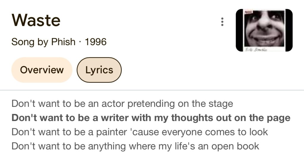 Writing is a personal thing. The first verse of the Phish song Waste comes to mind:
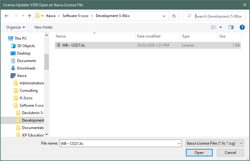 Once Itasca has received the *.req generated by the Request License Change dialog and the sales process for the license change is complete, a license file (*.lic) is sent in return.
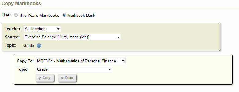Markbooks can be copied from any teacher’s class but only INTO your own class(es).
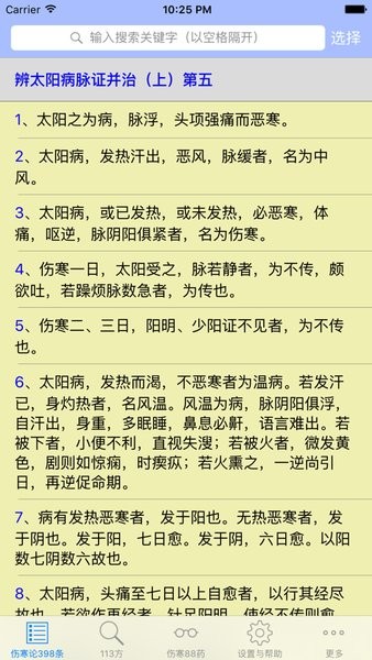 该应用以表格形式展示了伤寒论398条原文及113方内容,以及可选的金匮要略的内容,可以方便的过滤搜索条文以作研究,或者输入数字编号直接滑动到某条条文以作学习,搜索框还支持多关键字查询,只要以空格隔开就可以,还支持通配符搜索,不过通配符为“#”或“.“,搜索结果中关键字会被染红,方便观看结果。这比直接看书要方便很多,每条条文点击后会弹出一个菜单,可以选择做笔记,复制内容,或定位到条文中涉及的方药内容查看。
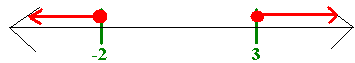 Solution: We set up the inequality x2 - x - 6 > 0 and use our steps of quadratic inequalities to solve. Factoring we get (x - 3) (x + 2) > 0 Putting -2 and 3 on a number line, gives three regions. The table shows
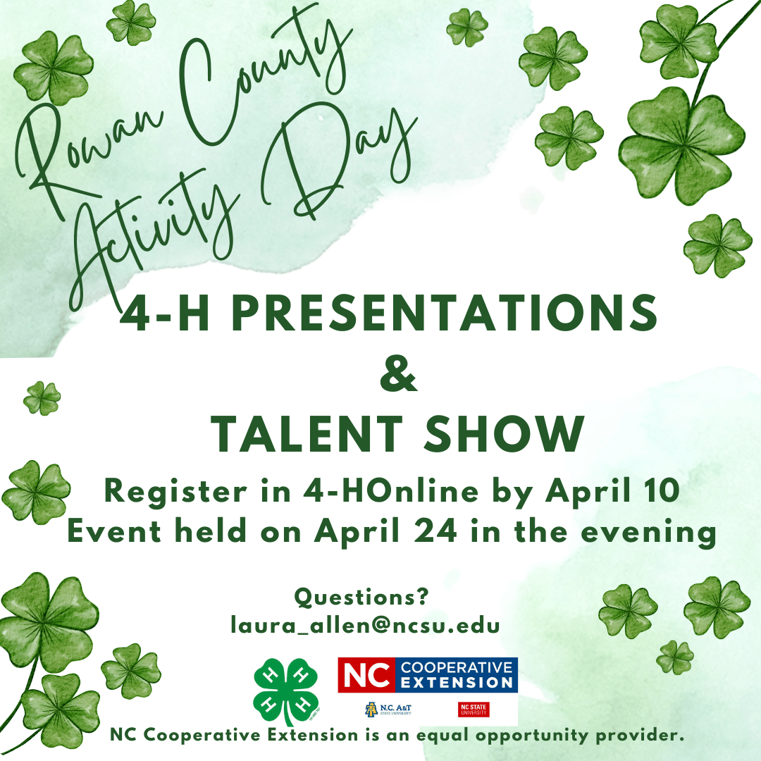 Register now to participate in 4-H Presentations & 4-H Talent Show as part of County Activity Day!
⁂
→ **REQUIRED ACTION**
Return every entry unchanged and skip the pictures.

→ **TASK ANSWER**
 Writing is a personal thing. The first verse of the Phish song Waste comes to mind:
 Once Itasca has received the *.req generated by the Request License Change dialog and the sales process for the license change is complete, a license file (*.lic) is sent in return.
Markbooks can be copied from any teacher’s class but only INTO your own class(es).
 该应用以表格形式展示了伤寒论398条原文及113方内容,以及可选的金匮要略的内容,可以方便的过滤搜索条文以作研究,或者输入数字编号直接滑动到某条条文以作学习,搜索框还支持多关键字查询,只要以空格隔开就可以,还支持通配符搜索,不过通配符为“#”或“.“,搜索结果中关键字会被染红,方便观看结果。这比直接看书要方便很多,每条条文点击后会弹出一个菜单,可以选择做笔记,复制内容,或定位到条文中涉及的方药内容查看。
 Solution: We set up the inequality x2 - x - 6 > 0 and use our steps of quadratic inequalities to solve. Factoring we get (x - 3) (x + 2) > 0 Putting -2 and 3 on a number line, gives three regions. The table shows
 Register now to participate in 4-H Presentations & 4-H Talent Show as part of County Activity Day!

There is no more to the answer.